- [What the task asks] Using the entries below, copy exactly each line from the line with "Берем заранее припасенную" up to and including the line with "在木雕制品店西侧的墙上,有一", with every picture left out.

- [Dataset records]
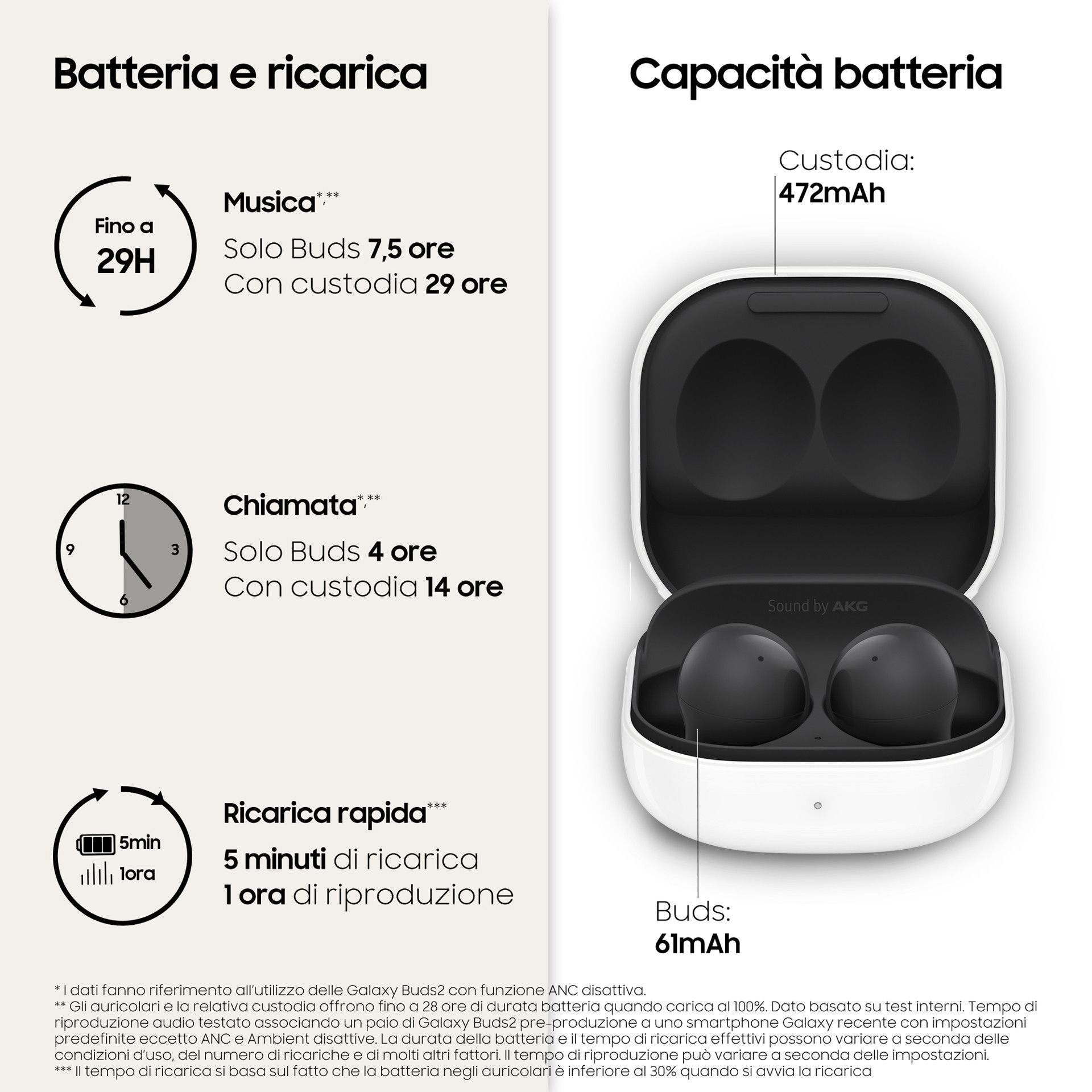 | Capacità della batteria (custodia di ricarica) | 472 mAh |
==
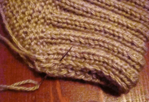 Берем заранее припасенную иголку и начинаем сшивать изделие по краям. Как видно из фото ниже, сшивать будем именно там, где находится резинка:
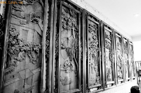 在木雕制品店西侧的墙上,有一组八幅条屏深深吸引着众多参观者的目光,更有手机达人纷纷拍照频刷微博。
--
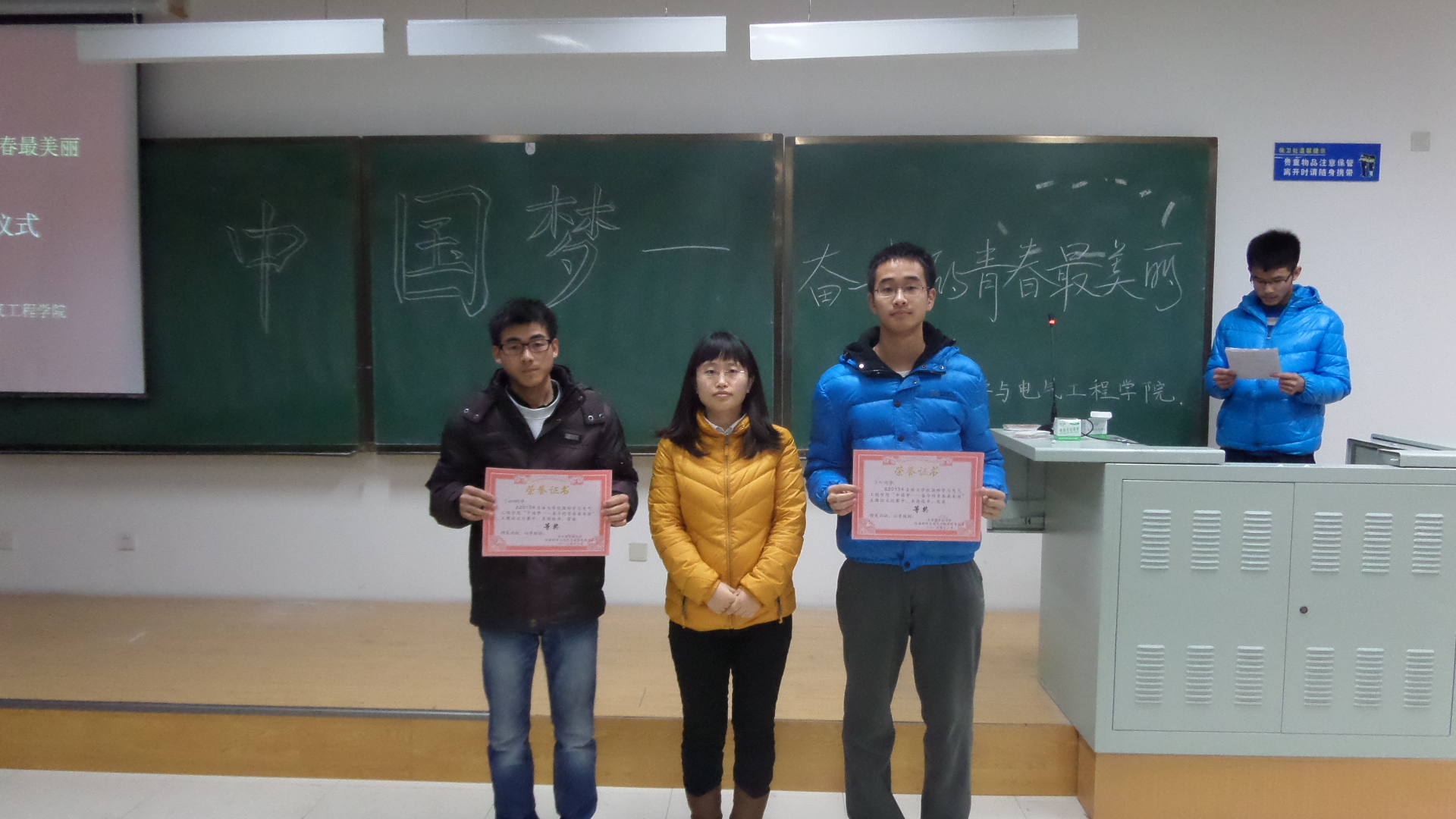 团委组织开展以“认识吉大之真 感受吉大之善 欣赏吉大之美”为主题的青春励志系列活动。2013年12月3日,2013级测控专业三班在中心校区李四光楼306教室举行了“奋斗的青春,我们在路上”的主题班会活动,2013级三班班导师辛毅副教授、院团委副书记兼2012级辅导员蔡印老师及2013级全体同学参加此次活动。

- [Answer to the problem]
 Берем заранее припасенную иголку и начинаем сшивать изделие по краям. Как видно из фото ниже, сшивать будем именно там, где находится резинка:
 在木雕制品店西侧的墙上,有一组八幅条屏深深吸引着众多参观者的目光,更有手机达人纷纷拍照频刷微博。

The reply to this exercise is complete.